++++ SUPPLIED INFORMATION

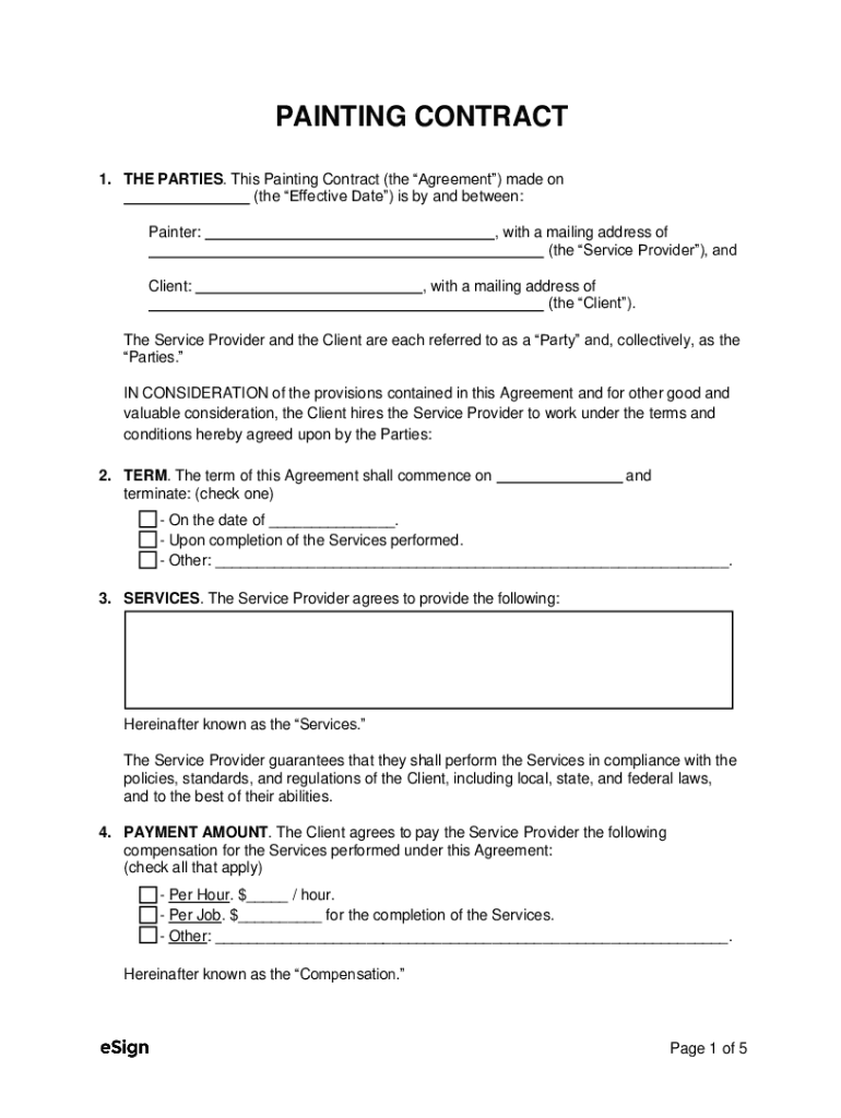 PAINTING CONTRACT 1. THE PARTIES. This Painting Contract (the Agreement) made on (the Effective Date) is by and between: Painter:Client:, with a mailing address of (the Service Provider), and, with
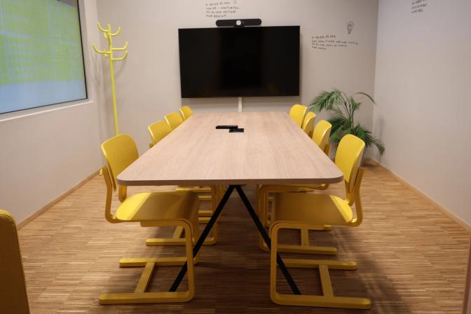 Gruppe-/møterommet "hybelen" har sitteplass til åtte personer – ti personer hvis dere henter noen stoler utenfra. Rommet er utstyrt med storskjerm og mulighet for å koble opp til teams-møter. Husk å ta med egen laptop.
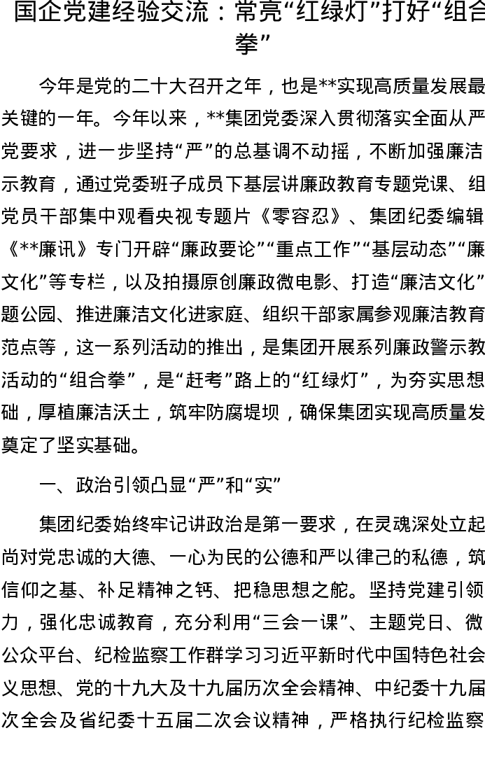 20220830国企党建经验交流:常亮“红绿灯” 打好 “组合拳”
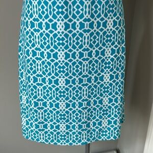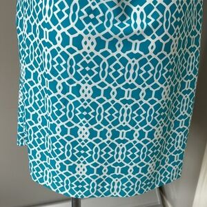 Jude Connally Turquoise Blue Geometric Print Halter Dress.
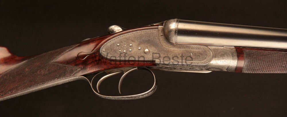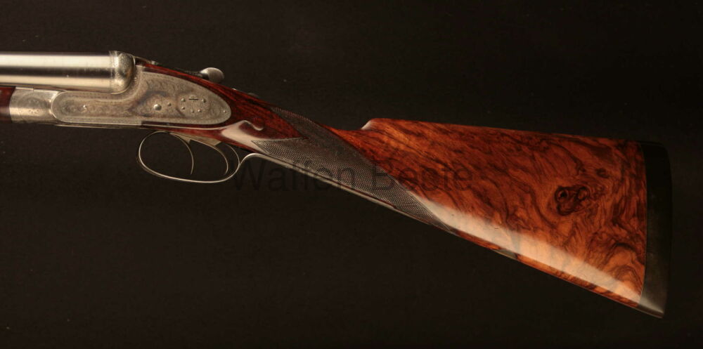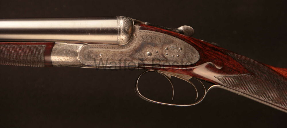 Sehr feine englische DF vom renomierten Hersteller William Powell & Son Kal 12/65 Damstläufe mit englischem Nito - Beschuss Ejektoren sehr schönes Schaftholz. Bunthärtung noch sehr gut erhalten. B... ...weiterlesen
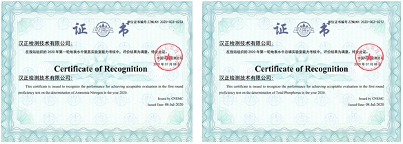 汉正检测获检验检测机构(CMA)及中国环境监测总站举行的能力验证证书。

++++++++

▸ **WORK TASK**: Copy every line of the data exactly as written, excluding the pictures.

▸ **RESULT OF THE TASK**:
 PAINTING CONTRACT 1. THE PARTIES. This Painting Contract (the Agreement) made on (the Effective Date) is by and between: Painter:Client:, with a mailing address of (the Service Provider), and, with
 Gruppe-/møterommet "hybelen" har sitteplass til åtte personer – ti personer hvis dere henter noen stoler utenfra. Rommet er utstyrt med storskjerm og mulighet for å koble opp til teams-møter. Husk å ta med egen laptop.
 20220830国企党建经验交流:常亮“红绿灯” 打好 “组合拳”
 Jude Connally Turquoise Blue Geometric Print Halter Dress.
 Sehr feine englische DF vom renomierten Hersteller William Powell & Son Kal 12/65 Damstläufe mit englischem Nito - Beschuss Ejektoren sehr schönes Schaftholz. Bunthärtung noch sehr gut erhalten. B... ...weiterlesen
 汉正检测获检验检测机构(CMA)及中国环境监测总站举行的能力验证证书。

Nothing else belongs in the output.